# How high do you recommend - bow tripod



## DCUnger (Jul 25, 2012)

In Edwards Co, due to low brush/cider/scrub oak limited cover?
Need to purchase and cut the legs here then haul them up there.
1st year on the property, so rushing for bow season.

Thanks for your Input! 
David


----------



## FalseCast (May 7, 2009)

10 feet


----------



## txdukklr (Jun 30, 2013)

never higher then the natural brush. Let it tell you what lengths.

I want my head to be roughly the height of the tallest foliage and then have a back drop


----------



## txdougman (Jul 12, 2005)

txdukklr said:


> never higher then the natural brush. Let it tell you what lengths.
> 
> I want my head to be roughly the height of the tallest foliage and then have a back drop


x2.

Also:

I hunted Bracketville & Juno with various archery stands, all different heights from 5ft to 12ft.

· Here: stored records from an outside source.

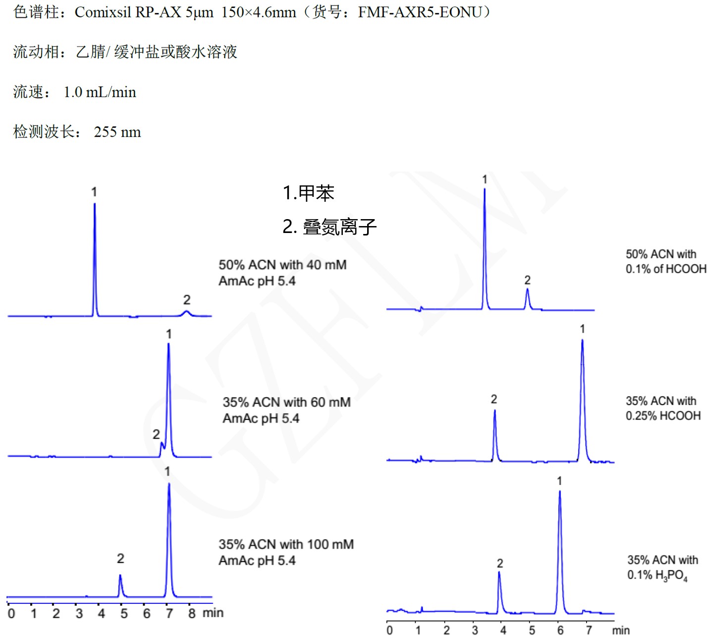 2. Comixsil RP-AX同时保留大极性叠氮离子和疏水小极性甲苯: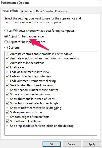 - Now, on the first tab of the Window, you just need to click on β Adjust for best performance β and Windows will automatically scrap down the unnecessary visual effects.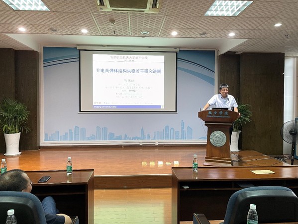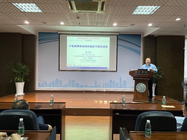 应公司bevictor伟德副经理、机械结构力学及控制国家重点实验室钱征华教授的邀请,浙江大学航空航天公司常务副经理陈伟球教授于2021年6月2日访问公司,并做了题为“介电高弹体结构失稳若干研究进展”的学术报告。报告介绍了陈伟球教授课题组近期开展的拉伸状态下介电薄膜失稳现象的理论建模和电压调控下弹性-介电双层结构的自弯曲变形及其稳定性研究,阐述了介电高弹体中特有的欧拉失稳、力电耦合失稳、拉伸断裂、电击穿等现象,以及在特定条件下的转换关系。报告内容丰富、精彩生动,对公司相关科研工作具有借鉴作用。同时,教授还结合自己多年的研究经历,与现场听众分享了研究心得和体会。钱征华主持了报告会,公司师生90余人参加。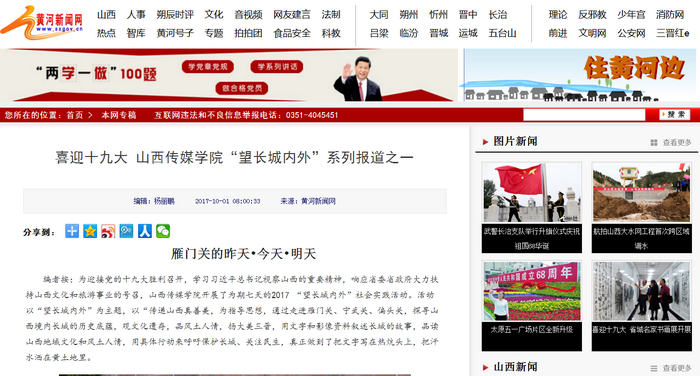 10月1日,黄河新闻网山西新闻板块以《喜迎党的十九大 山西传媒学院"望长城内外"系列报道之一》为题,对我校新闻传播学院举办的卓越新闻传播人才培养计划实验班2017暑期“望长城内外”社会实践活动的成果进行了系列宣传报道。《黄河新闻网》将通过系列报道的形式,向大家集中展示卓越新闻传播人才培养计划实验班同学们的暑期实践成果,为党的十九大胜利召开营造良好舆论环境。

Some in cedar, some in mesquite, some ground. Some areas ya couldn't have 1 at all. Remember your prevailing wind is predom SE, and when a front blows in, ask yourself... is it N, NE,NW? You must have the wind in your favor.

Take a hacksaw w/ xtra blades!


----------



## DCUnger (Jul 25, 2012)

I am also trying to shoot over hog panels.


----------